The president and fellow Republicans have spread the false claim that mail-in voting leads to rampant voter fraud, and right-wing groups are suing to remove voters from rolls in a number of states ahead of November, The Intercept reported. Philadelphia’s disorganization plays into that fearmongering.
Republicans sent paid staffers from the party’s national committee to oversee parts of Philadelphia’s vote count. The vote-counting process is open to one official observer from each campaign. Krajewski’s campaign had a volunteer in the room every day, alongside observers from the Republican National Committee, he said. A local Fishtown lawyer, Jordan Rushie, was also there. He previously managed the campaign for a Republican candidate for sheriff in Philadelphia. Rushie did not immediately respond to a request for comment.
“I don’t know what it means,” Krajewski said. “I don’t know why they were there, but we can conjecture that they were there because they want to figure out how well Philadelphia — which is one of two Democratic strongholds in the state — how well we’re gonna be prepared if we have to do vote-by-mail for the general election.”
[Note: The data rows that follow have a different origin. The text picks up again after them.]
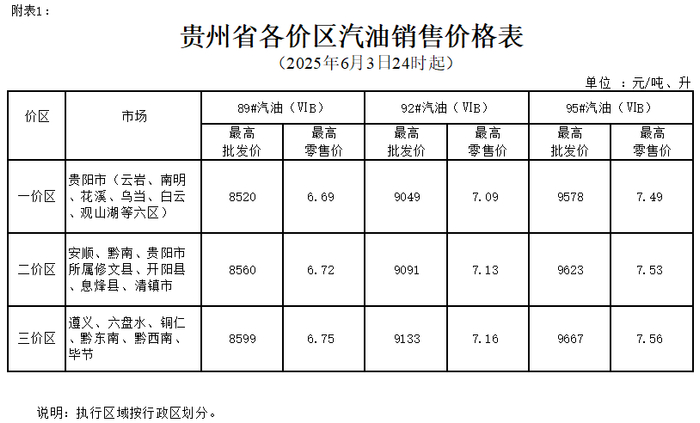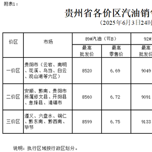 根据成品油价格形成机制,国家发展改革委决定自2025年6月3日24时起上调国内成品油价格。按照国家调整要求和相关规定,贵州89#汽油(国VIB)、0#柴油价格每吨在现行标准基础上分别提高65元、60元,具体价格可由各经营企业在不超过最高批发、零售价格的前提下确定。调整后各油品最高价格见附件。
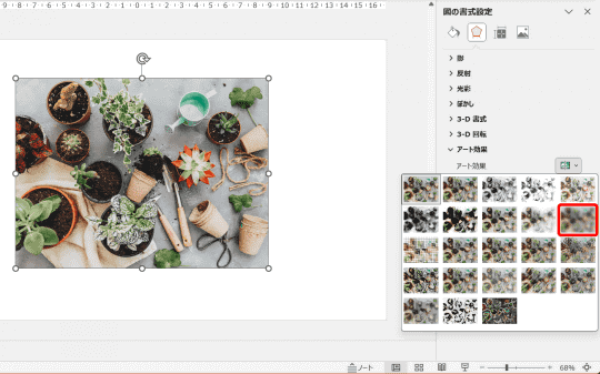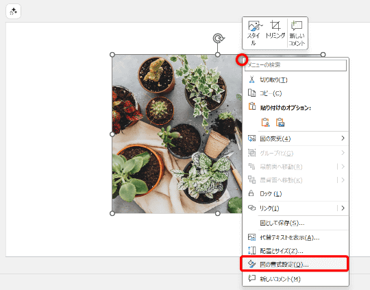 まずは任意の画像を用意して“書式設定”のウィンドウを表示します。ここでは、PowerPointに用意されている[ストック画像]を使いました。必要な画像は1枚だけです。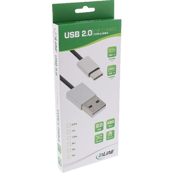 Produktinformationen "InLine® USB 2.0 Kabel, USB-C Stecker an A Stecker, schwarz/Alu, flexibel, 2m 35832"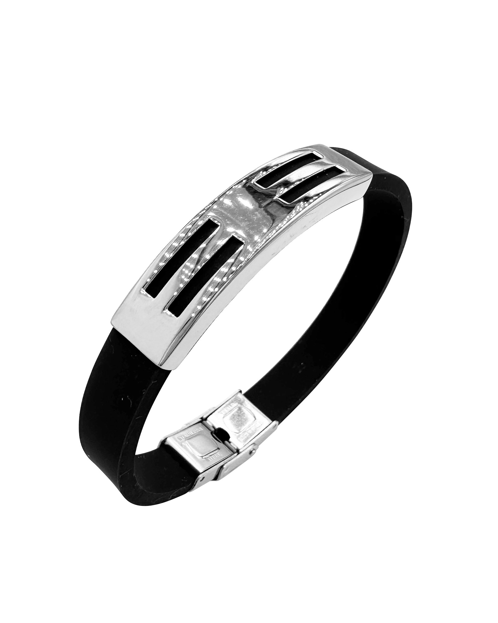 BRACELET EN CAOUTCHOUC ET ACIER PLAQUETTE AJOUREE

“Whether it’s increased funding or more staff, the commissioners’ office needs more capacity to count these votes in a timely manner, and we need a much better mail-in voting process for November,” he said. “Philadelphia County must be able to count mail-in ballots on pace with the rest of the state, otherwise we risk a result in November that excludes Philadelphia voters on election eve.”
The idea that Trump might not take a loss so quietly in November is “not alarmist anymore,” Krajewski said. That outlook becomes even bleaker if there’s a similar situation, where it looks like Trump won Philadelphia for six weeks post-election day. “You initiated fascism. He already said, ‘When the looting starts, the shooting starts.’ I think at this point, we have to prepare ourselves for the possibility that he’ll try to hijack democracy. Because he can.”